WHAT NEEDS TO BE DONE –
The listing below begins with the first line you should copy; stop after the line containing "アルミニウム プレート 緊急時ペットの救助もお願いします", and drop every picture.

MATERIAL FOR THIS TASK –
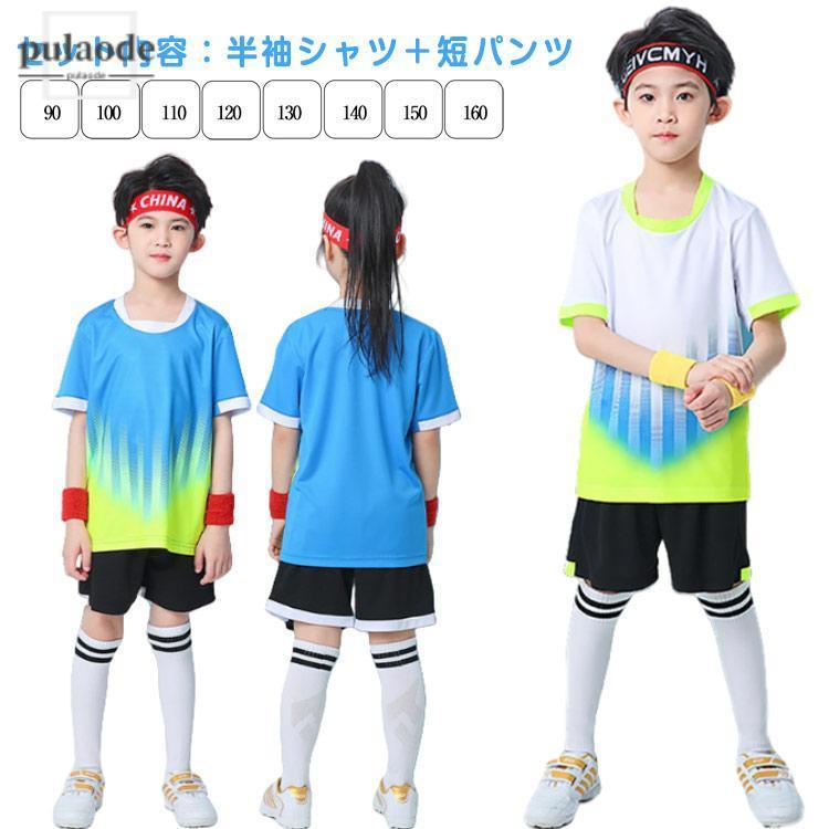キッズ チーム 夏 速乾 半袖Tシャツ 2点セット 子供 上下セット ユニフォーム ジュニア フットサルウエア セットアップ 練習着 ユニフォーム ト
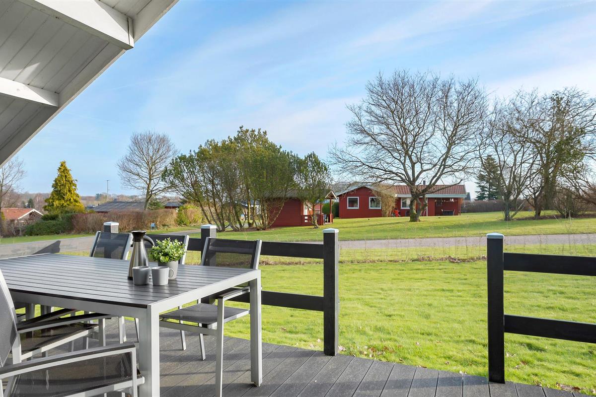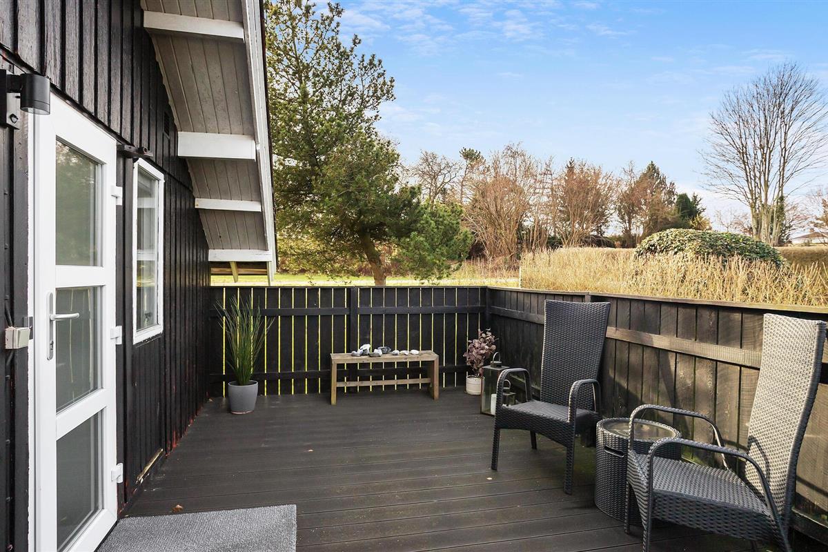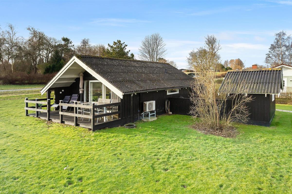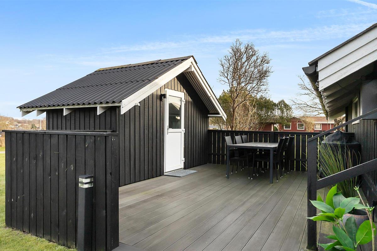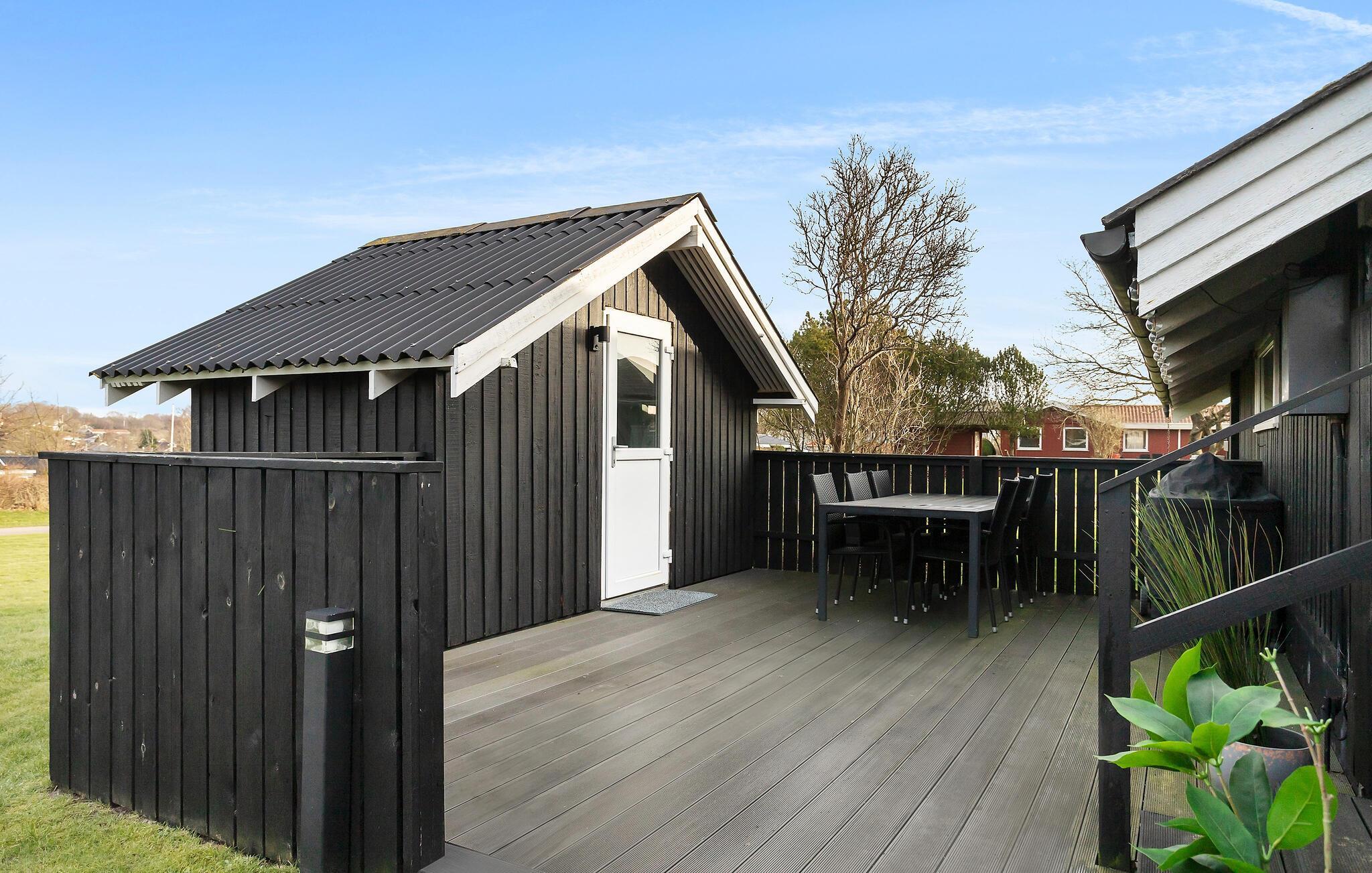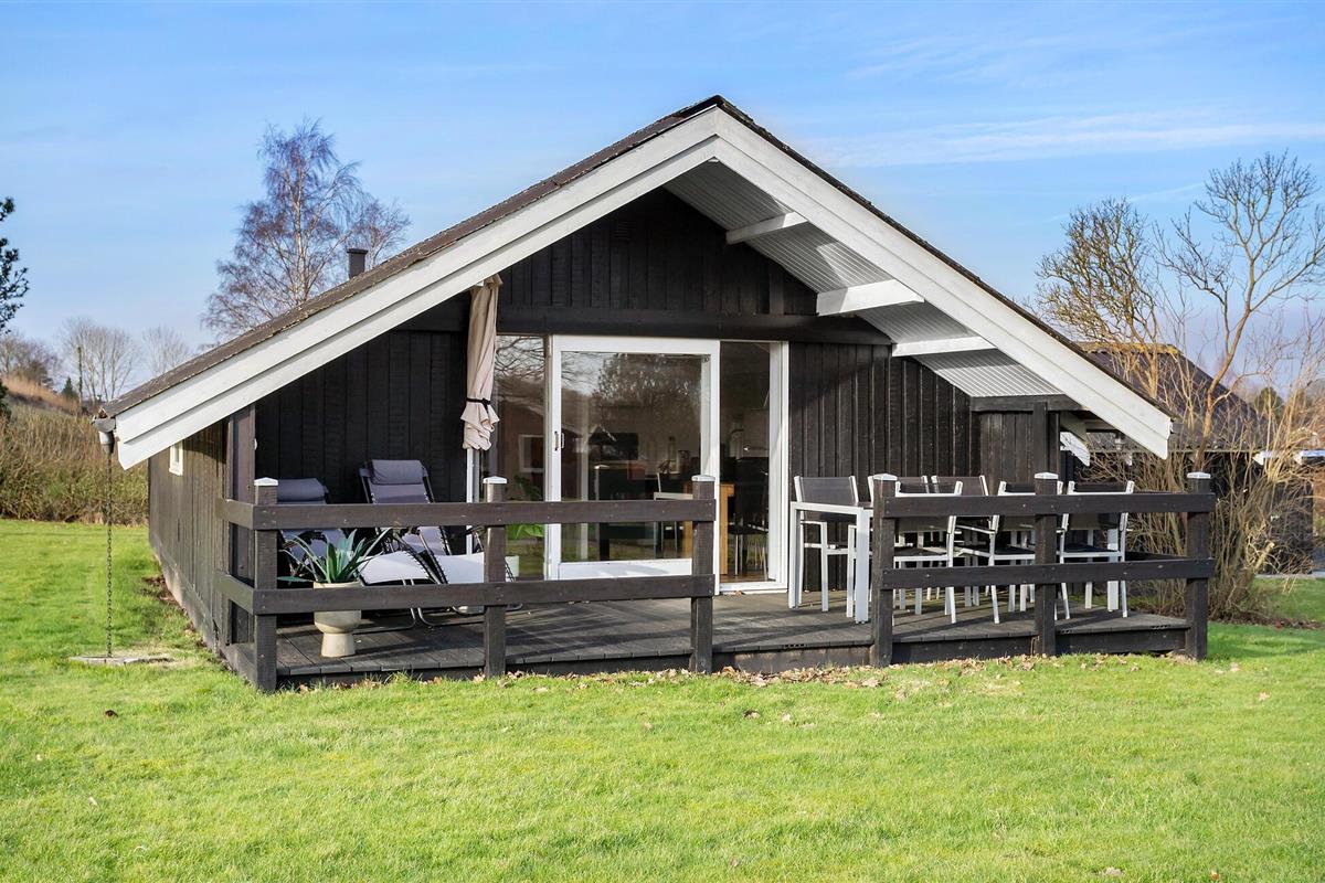 Gezellig vakantiehuis in Hejlsminde, dichtbij strand en natuur, met tuin en twee terrassen voor ontspanning.
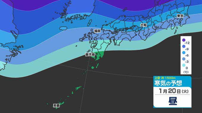 【”寒波”が来る】九州にも「雪」の予報「雪はいつ どこで」【雪シミュレーション20日(火)~24日(土) / 九州各都市の週間予報】福岡・佐賀・長崎・大分・熊本・宮崎・鹿児島 南日本放送 2026年1月19日(月) 12:05 国内 天気 寒気シミュレーション20日(火)~24日(土) 上空約1500mには、九州北部で「氷点下12℃」、九州南部で「氷点下9℃」の寒気が流れ込んできそうです。今シーズン一番の『寒気』が予想されています。 この記事をはじめから → 寒波が来る 九州も雪のおそれ「雪シミュレーション」
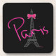 This modern "Paris, France, Eiffel Tower with pink bow" design by Inge Lewis looks great on this black hard plastic coaster. Great gift for anyone. Find more matching items at the ingeinc.com store
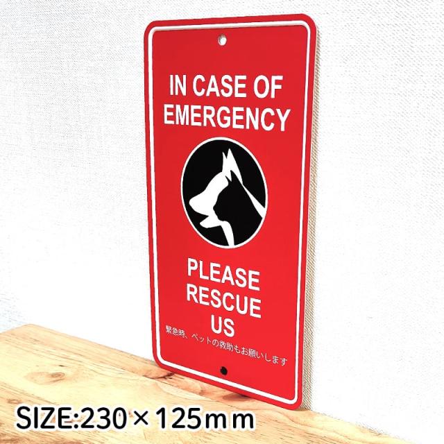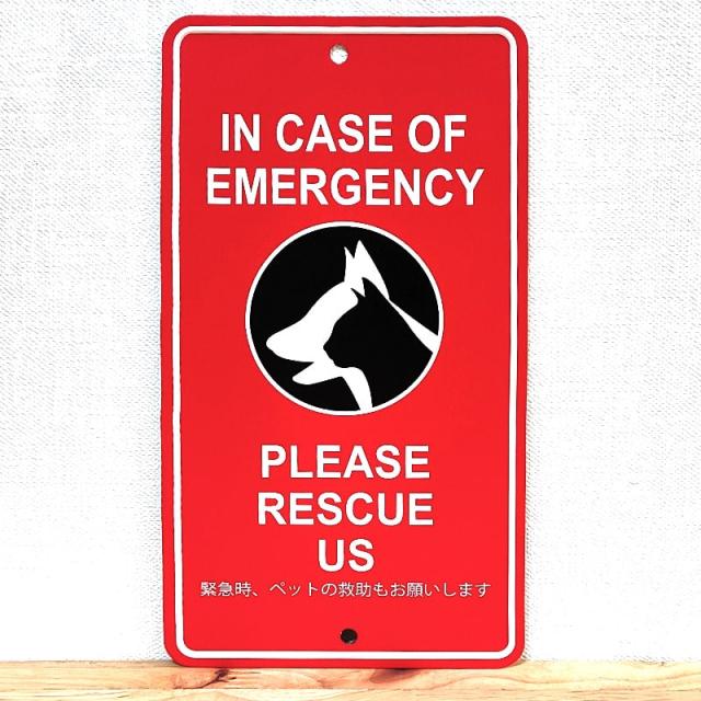 アルミニウム プレート 緊急時ペットの救助もお願いします メッセージサイン 看板 目立つ レッド 動物 アメリカン 雑貨 おしゃれ インテリア 壁飾り 赤 ディスプレイ 玄関 ガレージ
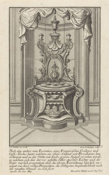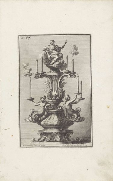 This engraving shows a hexagonal basin on an elevation with stairs. Though made by an anonymous artist, its intricate structure and decorative elements offer a glimpse into the aesthetic sensibilities of its time. Notice how the artist meticulously renders the fountain's multi-tiered structure, emphasizing its geometric precision and symmetry. The choice of a hexagonal shape for the basin immediately signals a departure from more conventional forms, suggesting an interest in complexity and innovation. The figure of Hercules atop the fountain is not merely decorative but becomes a focal point through which the viewer is invited to consider power, mythology, and their representation in art. The composition creates a visual hierarchy, where each level of the fountain contributes to an overarching sense of order and balance. This careful arrangement is characteristic of formalist approaches that value structural integrity and visual harmony, creating a dialogue between form and meaning.

ANSWER TO THIS PROBLEM –
キッズ チーム 夏 速乾 半袖Tシャツ 2点セット 子供 上下セット ユニフォーム ジュニア フットサルウエア セットアップ 練習着 ユニフォーム ト
 Gezellig vakantiehuis in Hejlsminde, dichtbij strand en natuur, met tuin en twee terrassen voor ontspanning.
 【”寒波”が来る】九州にも「雪」の予報「雪はいつ どこで」【雪シミュレーション20日(火)~24日(土) / 九州各都市の週間予報】福岡・佐賀・長崎・大分・熊本・宮崎・鹿児島 南日本放送 2026年1月19日(月) 12:05 国内 天気 寒気シミュレーション20日(火)~24日(土) 上空約1500mには、九州北部で「氷点下12℃」、九州南部で「氷点下9℃」の寒気が流れ込んできそうです。今シーズン一番の『寒気』が予想されています。 この記事をはじめから → 寒波が来る 九州も雪のおそれ「雪シミュレーション」
 This modern "Paris, France, Eiffel Tower with pink bow" design by Inge Lewis looks great on this black hard plastic coaster. Great gift for anyone. Find more matching items at the ingeinc.com store
 アルミニウム プレート 緊急時ペットの救助もお願いします メッセージサイン 看板 目立つ レッド 動物 アメリカン 雑貨 おしゃれ インテリア 壁飾り 赤 ディスプレイ 玄関 ガレージ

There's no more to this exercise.